Quoting Uche Ogbuji <uche.ogbuji at fourthought.com>:

> On Fri, 2004-08-20 at 00:52, xmlsig at codeweld.com wrote:
> > Quoting Uche Ogbuji <uche.ogbuji at fourthought.com>:
> > > On Tue, 2004-08-17 at 05:59, xmlsig at codeweld.com wrote:
> > > > > I've python 2.3.4 on windows xp with PyXML-0.8.3.win32-py2.3
> > > > >
> > > > > This code leaks substancialy
> > > > >
> > > > > from xml.dom.ext.reader.HtmlLib import FromHtml
> > > > > import urllib
> > > > > from xml.dom import ext
> > > > > s = urllib.urlopen( 'http://www.google.com' ).read()
> > > > > while True:
> > > > >     root = FromHtml( s )
> > > > >     ext.ReleaseNode( root )
> > > > >
> > > > > However, this does not ( or only very minor )
> > > > >
> > > > > from xml.dom.ext.reader.Sax2 import Reader
> > > > > import urllib
> > > > > from xml.dom import ext
> > > > > s = urllib.urlopen( 'http://www.infoworld.com/rss/reviews.xml'
> ).read()
> > > > > while True:
> > > > >     reader = Reader()
> > > > >     root = reader.fromString( s )
> > > > >     ext.ReleaseNode( root )
> > > > >
> > > > > Any suggestions?
> > > >
> > > > Could anybody reproduce the leak?
> > > > Any suggestions what I do wrong?
> > >
> > > I haven't done much work in HtmlLib since it was rewritten to use
> > > sgmlop.  It will take some heavy digging to find the precise memory
> > > leak.  What's your overall problem?  Could you use Python 2.3's
> > > HTMLParser library instead?
> >
> > The overall problem is that the FromHtml call ( in this example )allocates
> some
> > 100-200 k per loop that are not freed for the runtime of the process. The
> > leak's bigger when no ReleaseNode call is made.
>
> By "overall problem" I mean what are you actually trying to do/achieve.
> Since no one has been able to step up to diagnose the memory leak, I'm
> looking to see whether there is another solution that would work for
> you.
>
> > I could of course use other means of extracting information from html, but
> I
> > thought it would not be needed to reinvent the wheel if somebody has
> already
> > written a html parser that spits out dom.
>
> Honestly, I don't think DOM is the way I would personally go about
> processing HTML, which is why I was trying to get at whether there was
> another way for you to meet your needs.
>
> I'm sorry that my workload is so heavy that there is no chance I could
> work on figuring out a 4DOM memory leak right now.
>
> Best of luck.

Thanks. Hm, The general task that got me started on this is to perpetualy
extract some information from a website. To specify the location of this
information with xpath is just a very nice convinience. Can I use xpath
expressions with other parsing-techniques too?
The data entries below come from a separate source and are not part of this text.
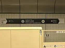 Hakozaki-Kyūdai-mae Station (箱崎九大前駅, Hakozaki-Kyūdai-mae-eki) is a subway station on the Fukuoka City Subway Hakozaki Line in Higashi-ku, Fukuoka, Japan. Kyūdai-mae means "in front of Kyushu University". Its station symbol is a pine branch with leaves which branch look like Kyushu University's initials Chinese character 九, because a pine‐covered area is named Ciyono-matsubara (千代の松原) is near this station.
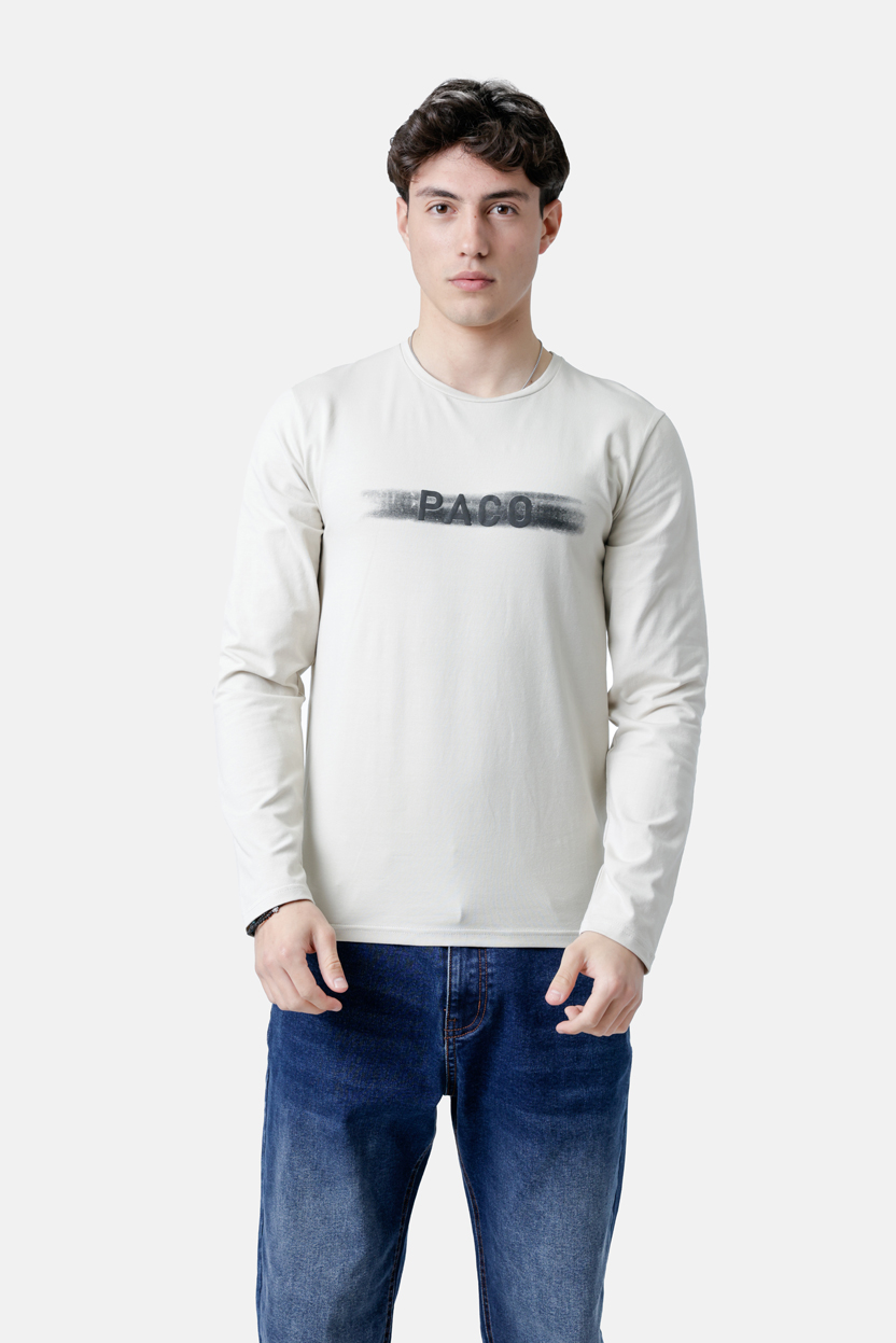 Ανδρική μπλούζα μακό με μακρύ μανίκι, με τύπωμα στο στήθος και κανονική εφαρμογή.
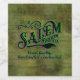 Salem Broom Company sign in black, green and purple glow and featuring a gothic green patterned background.
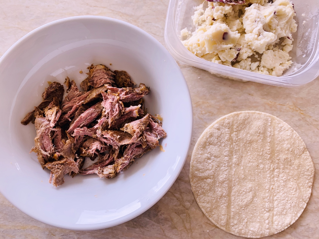 I’m all about using up leftovers and I mentioned in Saturday’s post about repurposing some of the Slow-Cooker Vietnamese Style Pot Roast for another recipe. Shredding up roast beef is an easy task and adding it to a tortilla, along with some mashed potatoes that you may have paired with the beef, or had for another dinner over the weekend are all that’s needed to make tasty taquitos. Soft corn tortillas are easily filled with these two items from the refrigerator, and can be a most delightful meal in minutes.
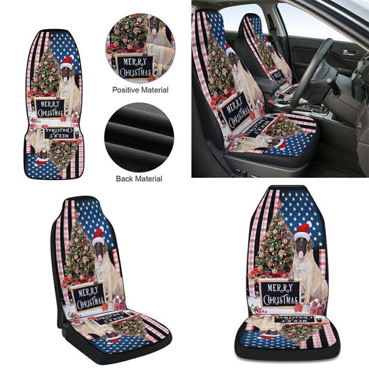 Merry Christmas English Mastiff Cars Seat Cover, Christmas Car Seat Covers, Car Decor Gift

Apart from that, I just think a "dom" is invaluable when there is a need to
process a rather complex markup with all leaves, say for example when you
implement a browser of sorts. Dom-view springs to mind. Use it on a few big
websites for a while and the process starts to lag your computer because it
grows in the hundreds of megabytes.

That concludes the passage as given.